奥空さんの気遣いで停滞していた空気が進んだ。

ありがとう奥空さん。

というわけで、入ってきた対策委員のメンバー達は、変わったカフェに目を丸くしながら辺りを見渡していた。

 

「すごーい!あんなに何にもなかったのに、色々置いてある」

 

「ん。しかも、スペースも分けられてる。こっちは台所と椅子や机がある」

 

「こっちにはクッションもあるよ!ご丁寧に大きなマッドもあるし、オモチャ棚やゲーム機なんかもあるね。見た感じ、子供スペースってやつ?」

 

「壁紙や床もオシャレですし、今の時期にぴったりな爽やかな色合い……とても良いです!影島先生、これは文句無しに良い所ですね!」

 

皆、各々に違った反応で楽しそうに感想を言われ、心の中が凄く嬉しい気持ちになる。

 

「ふふふ。よかったよかった!よーし、先生張り切って良いもの作るぞ!」

 

そう言って私は料理を開始する。待っている間に、大島先生のことや僕のことをみんなから少しずつ質問されたが、邪魔にならない範囲でのことだったため、良いものが作れた。因みに、感想としてはとても美味しかったとのこと。

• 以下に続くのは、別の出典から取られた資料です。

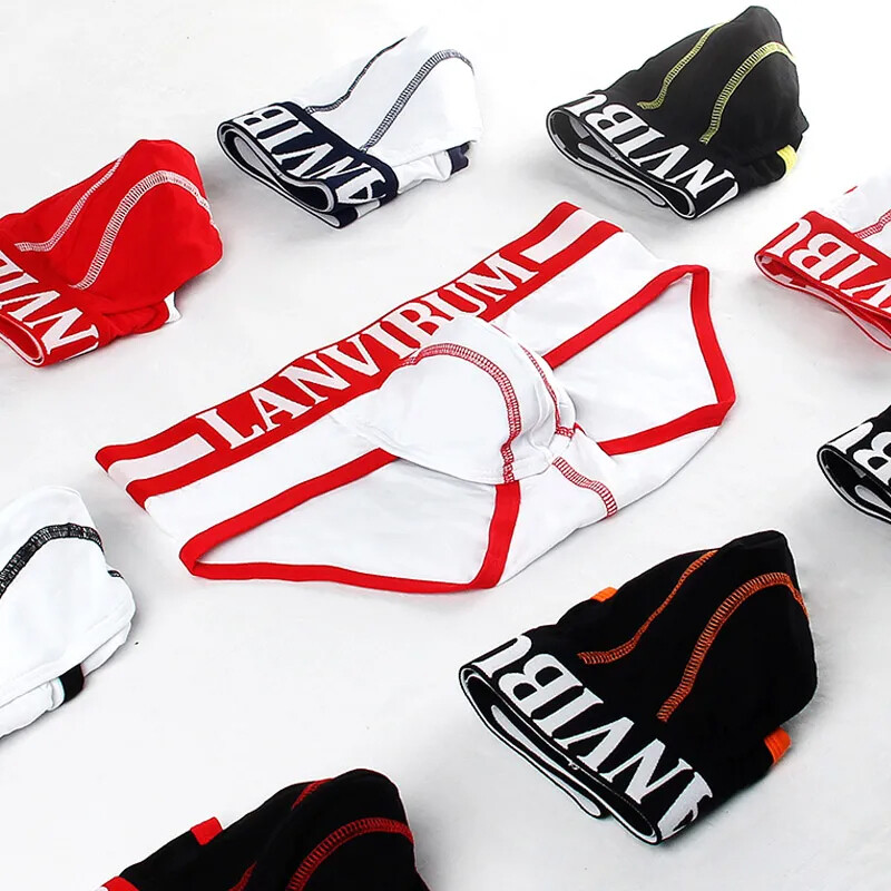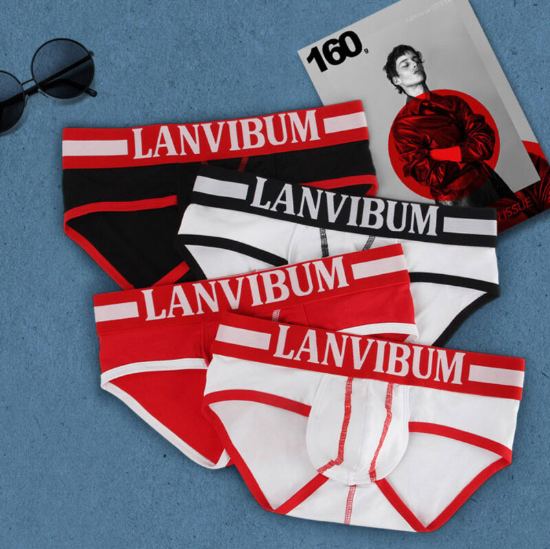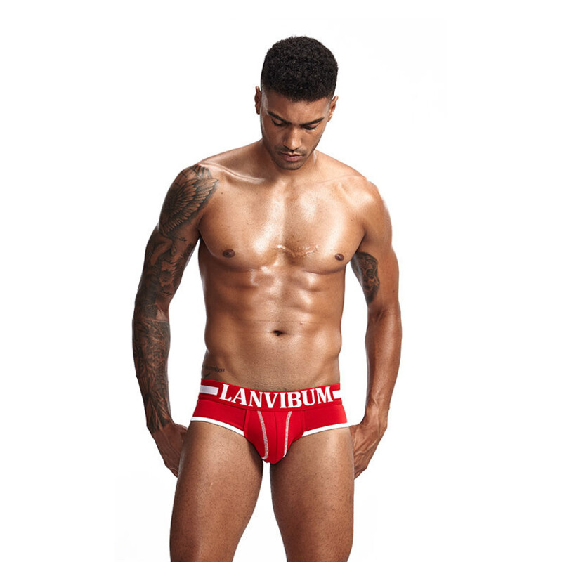 • Бавовняні чоловічі труси бріфи Lanvibum червоні з білими швами

これだけでこの仕事して良かったと思えるな。その後、しばらくカフェに滞在してから夕方になって対策委員会達は帰ったのだった。

 

ちなみに、腕相撲の勝負は秒で負けた。

 

□□□

 

今回の当番

アビドス廃校対策委員会のみなさん。

小鳥遊ホシノ

砂狼シロコ

十六夜ノノミ

黒見セリカ

奥空アヤネ




生徒達の解像度が低いかもしれません。